Development of Modelica-based one-dimensional thermodynamic cycle library and its application in simulation and multi-objective optimization of a He–Xe closed-Brayton-cycle system

Abstract

System-level modeling offers a comprehensive perspective for understanding and analyzing the behaviors of complex systems, facilitating improved design and optimization. In this study, a one-dimensional thermodynamic cycle (ODTC) library was developed using the Modelica language, covering basic equipment components in the cycle, working fluids, and examples of energy system models. The library was then used to implement system-level simulation and multi-objective optimization of a helium–xenon (He–Xe) closed-Brayton-cycle (CBC) system. The simulation verification of the CBC system with He–Xe properties and the study of the system performance with key parameters were completed from the perspective of steady-state design. The results demonstrated that the ODTC library developed in this study is well suited for analyzing the He–Xe CBC system.
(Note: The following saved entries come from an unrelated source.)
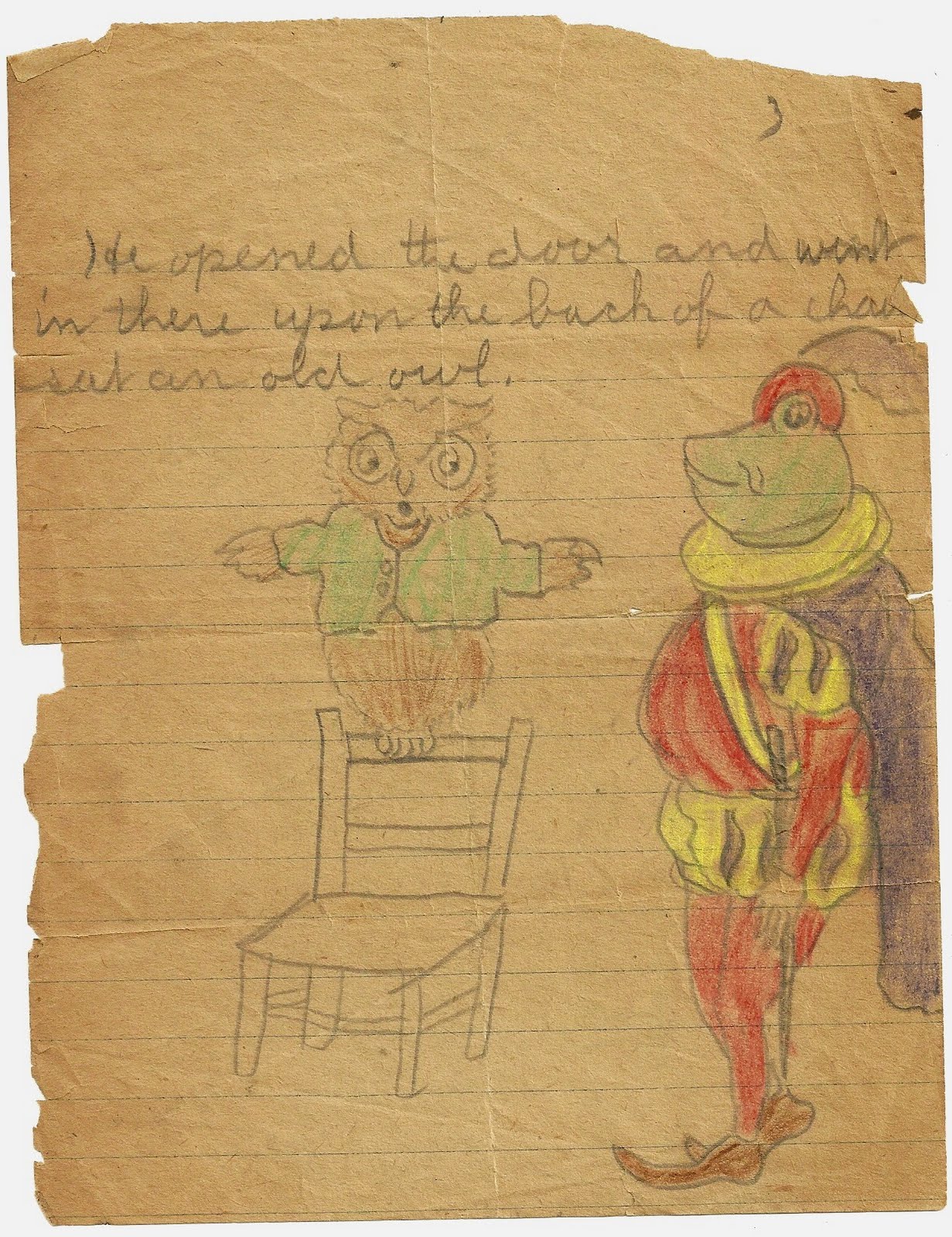 (…upon the back of a chair sat an old owl.)
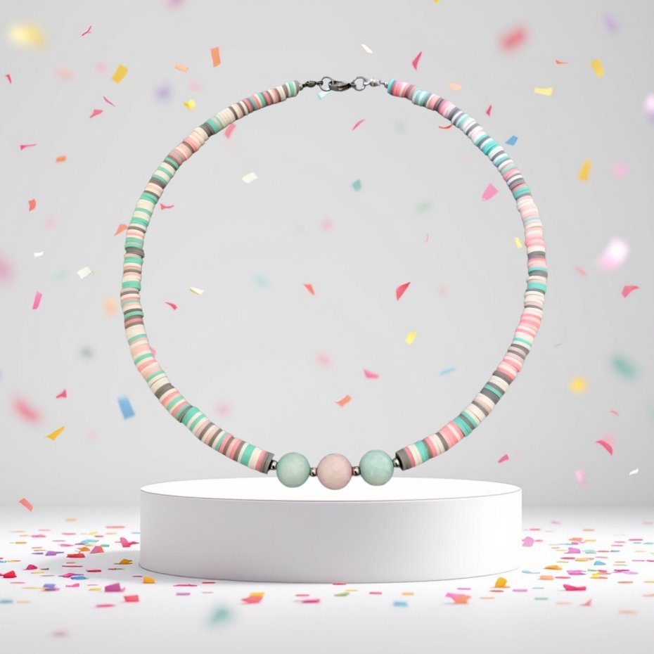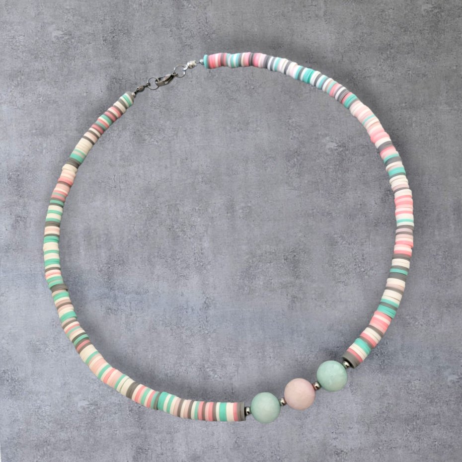 Naszyjnik wykonany z polimerowych koralików "katsuki" w postaci krążków oraz z fasetowanych kulek jadeitu (śr. 10mm), a także kulek przekładkowych ze stali szlachetnej. Naszyjnik został wykończony również elementami metalowymi ze stali szlachetnej. Ma on długość ok. 46cm (+ dodatkowo 5cm łańcuszka przedłużkowego, który standardowo montujemy przy zapięciu). Zapinany jest na karabińczyk.
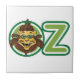 Imagem de contos de fadas clássicos da Vintage feita por William Wallace Denslow, do livro de histórias da Era Vitoriana O Maravilhoso Mago de Oz de L. Frank Baum. Grandes letras de texto que soletram a palavra 'OZ' com os óculos vestidos do Leão de Cowardly e estão felizes e sorrindo na letra O em Oz. Ele está rindo e se divertindo porque ele é corajoso e encontrou sua coragem na Cidade Esmeralda depois de seguir a Estrada Amarela com Dorothy e Toto.
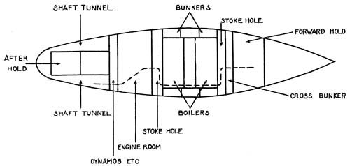 | Dotted line shows passage of Keighley’s men from forward cargo room to shaft tunnel. They finally escaped through bunkers amidships beside the boilers and stoke holes | 50 |
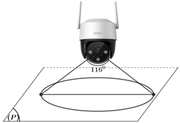 Biết góc quan sát ngang của một camera là \(116^\circ \). Trong không gian \(Oxyz\),
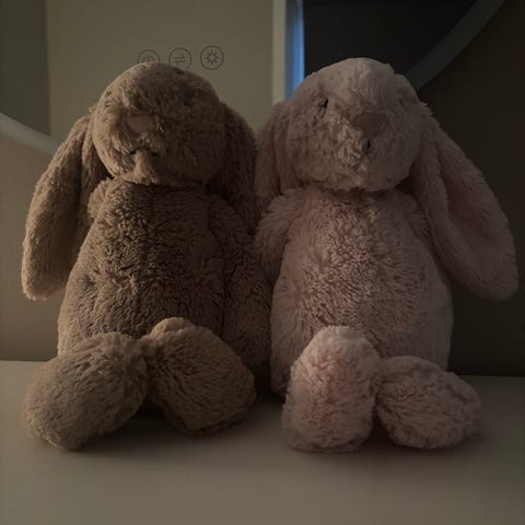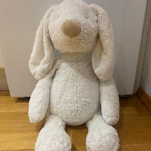 En blå kaninkosebamse selges. Stått som pynt på barnerommet.
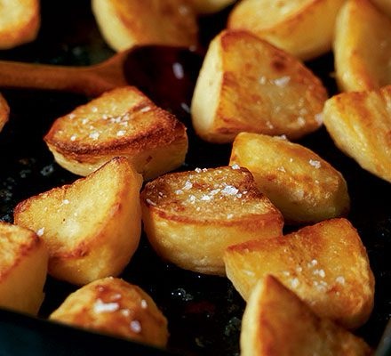 Crispy Lemon -roasted potatoes go well with the rich tasty, delicious roasted leg of lamb and when you add a Greek salad to it, you have the perfect meal.

Additionally, based on the coupling of Python and OpenModelica, the NSGA-II algorithm was used to optimize the established system model based on multiple objectives and obtain the optimal solution set for the system design. This study fully used the advantages of the Modelica language to model a multi-domain coupled visualization system and applied algorithms in Python to improve the design process. The ODTC library presented in this work serves as a valuable reference for future research on power system design and optimization based on the Modelica framework.